'Heart in a Box' tech could be game-changer for transplants

heart in a box
A look at the 'heart in a box' technology that will allow hearts to last longer outside the body, before a transplant. Photo credit Northwestern Medicince

(WBBM Newsradio) -- Northwestern Medicine is celebrating a first-of-its-kind heart surgery in Illinois that could be a game-changer.

Hearts used in transplants traditionally come from people who have been declared brain dead, but with their heart still beating.

“As soon as the heart stops beating, tissue damage starts to occur in the muscle of the heart, and with each subsequent minute the heart becomes less and less viable for transplantation,” explains  Dr. Duc Thinh Pham with Northwestern's Bluhm Cardiovascular Institute.
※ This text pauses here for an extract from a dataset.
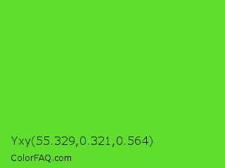 Yxy 55.329,0.321,0.564 Color is a normal green color and the nearest color is Harlequin Green #46cb18. Hex code #5fdf2b and RGB value is rgb(95,223,43). In RGB color space, this color is composed of 37% red, 87% green, 17% blue, In CMYK color space, this color is composed of 57% cyan, 0% magenta, 81% yellow , 13% black , In HSL color space, this color has a hue angle of 103° , 74% saturation and 52% lightness.

Now, a portable medical device called a TransMedic Organ Care System -- or "Heart in a Box” -- allows doctors to re-animate donated hearts by pumping blood back into them. This can extend the amount of time the heart can survive outside a body.

Using the device for the first time in Illinois, surgeons at the Bluhm Cardiovascular Institute successfully transplanted a heart donated after circulatory death.

Dr. Pham says the technology is the biggest advancement transplantation since the 1980s.

“Every patient on the transplant list will benefit. I think patients who are waiting on the lower status may also benefit because right now the higher priority patients are getting the traditional heart donations.”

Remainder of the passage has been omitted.